Remember that for each read we have a sample barcode, a cell barcode, and a UMI. In addition we now have location on the genome and a corresponding gene annotation. The count for any gene for any cell is the number of unique reads detected for the combination:
sample barcode + cell barcode + UMI + gene ID
Thus we avoid counting PCR duplicate reads as these will have the same UMI. For this reason we more commonly talk about the “UMI count” rather than the “Read count”; the “Read count” could be higher than the “UMI count”
Cell Ranger performs some analysis on the data to distinguish between droplets that contain cells and empty droplets. The filtered counts matrices only contain data for droplets that Cell Ranger has determined to contain cells. It performs this filtering in two steps.

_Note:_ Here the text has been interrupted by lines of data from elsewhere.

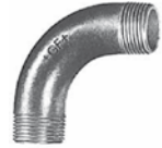
Figur Nr. 3 - Bogen 90°
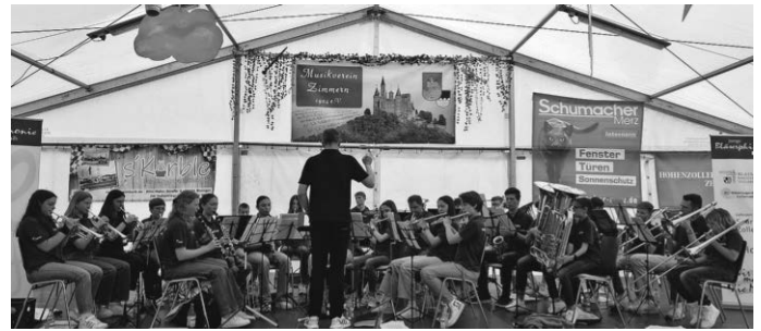
Die Jugendkapelle bei ihrem Auftritt im Festzelt
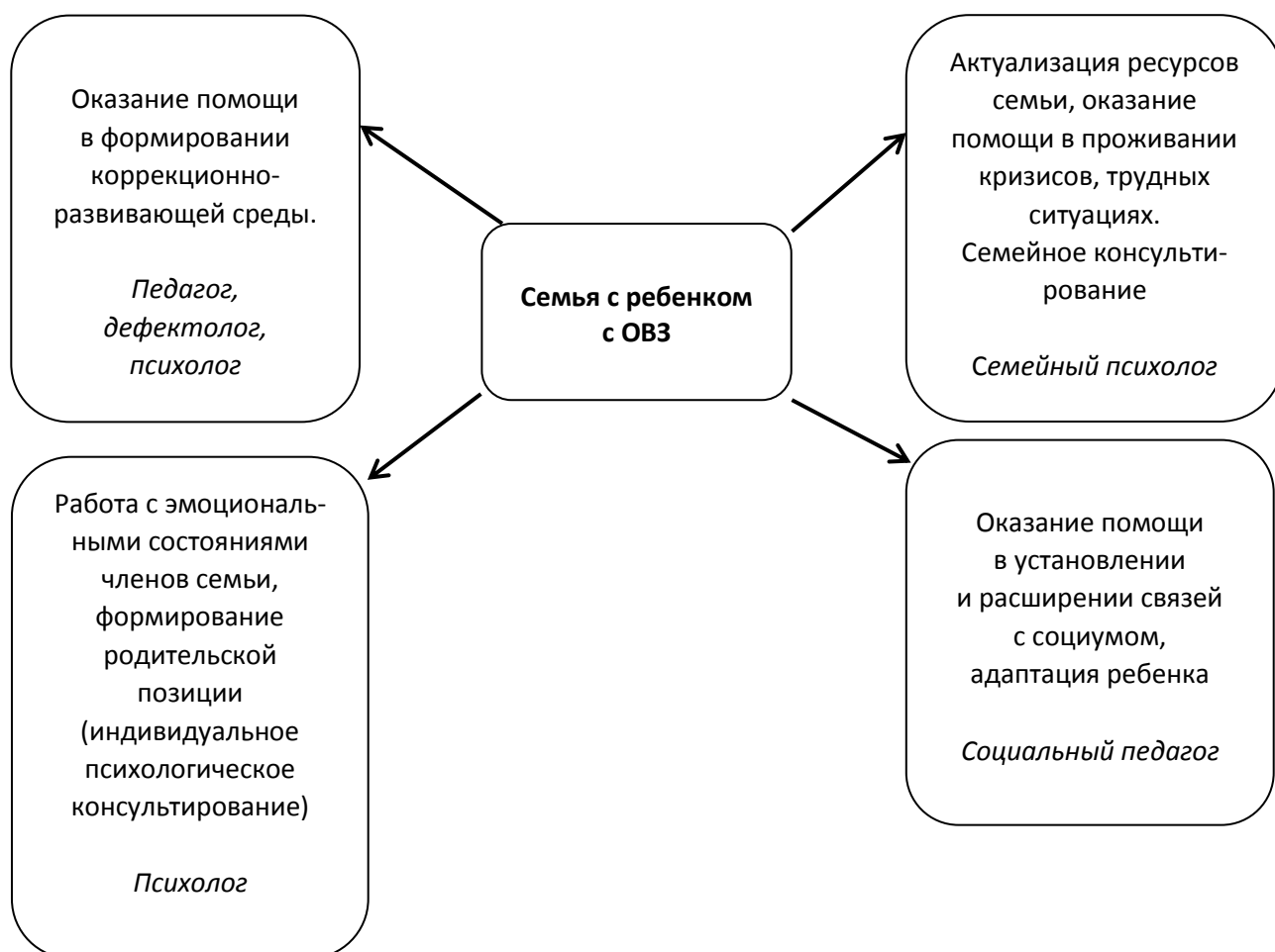
Рис. 2. Основные задачи специалистов образовательной организации в работе с семьей

6. Комплексность. Данный принцип предполагает участие во взаимодействии с семьей команды специалистов (педагогов, психологов, дефектологов), включенных в единую организационную модель и владеющих системой специальных методов и технологий, работающих в рамках идеологии инклюзии, понимающих свое место и свои задачи в общем поле взаимодействия специалистов, участвующих в работе с семьей ребенка ОВЗ и УО. ( Основные задачи специалистов представлены на рисунке)

UMI threshold based filtering:
By default, Cell Ranger expects 3000 cells (you can change this in the
arguments of the Cell Ranger command). Cell Ranger takes the top 3000
droplets by UMI counts. It then takes the UMI count at the 99th
percentile of this set of cells. It then divides this number of UMIs by
10 to determine a hard UMI threshold. All droplets with a UMI count
above this threshold are called as cells.

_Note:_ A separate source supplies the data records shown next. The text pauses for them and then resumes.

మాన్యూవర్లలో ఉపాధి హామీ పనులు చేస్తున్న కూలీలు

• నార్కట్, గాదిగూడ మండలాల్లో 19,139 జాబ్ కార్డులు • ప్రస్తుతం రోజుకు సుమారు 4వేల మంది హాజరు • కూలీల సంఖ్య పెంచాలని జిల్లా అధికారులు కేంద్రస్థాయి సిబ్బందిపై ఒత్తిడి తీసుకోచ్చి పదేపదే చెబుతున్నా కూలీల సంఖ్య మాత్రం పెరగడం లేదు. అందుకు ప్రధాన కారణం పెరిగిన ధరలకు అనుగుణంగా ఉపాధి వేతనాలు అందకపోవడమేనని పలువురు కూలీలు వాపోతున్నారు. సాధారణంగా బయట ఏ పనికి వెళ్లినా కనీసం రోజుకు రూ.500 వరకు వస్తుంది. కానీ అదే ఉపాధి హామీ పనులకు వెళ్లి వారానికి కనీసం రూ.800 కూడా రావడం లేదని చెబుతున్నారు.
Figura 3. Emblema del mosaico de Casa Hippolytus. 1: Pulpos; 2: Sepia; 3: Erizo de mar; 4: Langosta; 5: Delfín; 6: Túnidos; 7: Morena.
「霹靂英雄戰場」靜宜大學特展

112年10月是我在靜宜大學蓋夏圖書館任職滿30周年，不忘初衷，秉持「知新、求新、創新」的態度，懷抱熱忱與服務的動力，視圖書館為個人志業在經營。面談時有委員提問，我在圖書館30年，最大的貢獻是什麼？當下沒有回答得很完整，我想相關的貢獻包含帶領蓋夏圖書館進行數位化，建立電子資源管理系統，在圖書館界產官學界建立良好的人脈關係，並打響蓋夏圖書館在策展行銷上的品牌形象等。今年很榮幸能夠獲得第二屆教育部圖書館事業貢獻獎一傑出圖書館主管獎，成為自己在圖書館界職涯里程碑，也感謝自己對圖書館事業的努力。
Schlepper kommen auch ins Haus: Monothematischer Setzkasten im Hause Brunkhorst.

Comparison of droplet RNA profile with background:
This algorithm is based on one initially developed in the
dropletUtils
R package. Cell Ranger selects all droplets
with a UMI count of less than 500 (this will usually be 100’s of
thousands). This set of droplets is assumed to definitely not contain
cells and as such any RNA detected is merely background within the media
(due to damaged cells leaking RNA). An RNA profile is derived for this
background. The RNA profile of all droplets with more than 500 UMIs but
less than the hard UMI threshold is then compared to this background
profile. Any droplet with a profile that differs significantly from the
background profile is called as a cell.
A detailed description of the Cell Calling algorithm, along with explanations of the other algorithms used in the alignment and countings steps, can be found on the 10x Cell Ranger pages
The plot below shows a “barcode rank plot”. This is taken from the
Cell Ranger web_summary.html
report.
This plot shows the UMI counts for all droplets, the droplets have been ranked by UMI count and coloured according to whether they have been called as cells or not. The light blue region, indicates a region where some droplets have been called as cells, but other have not - depending on the outcome of the RNA profiling step of the algorithm.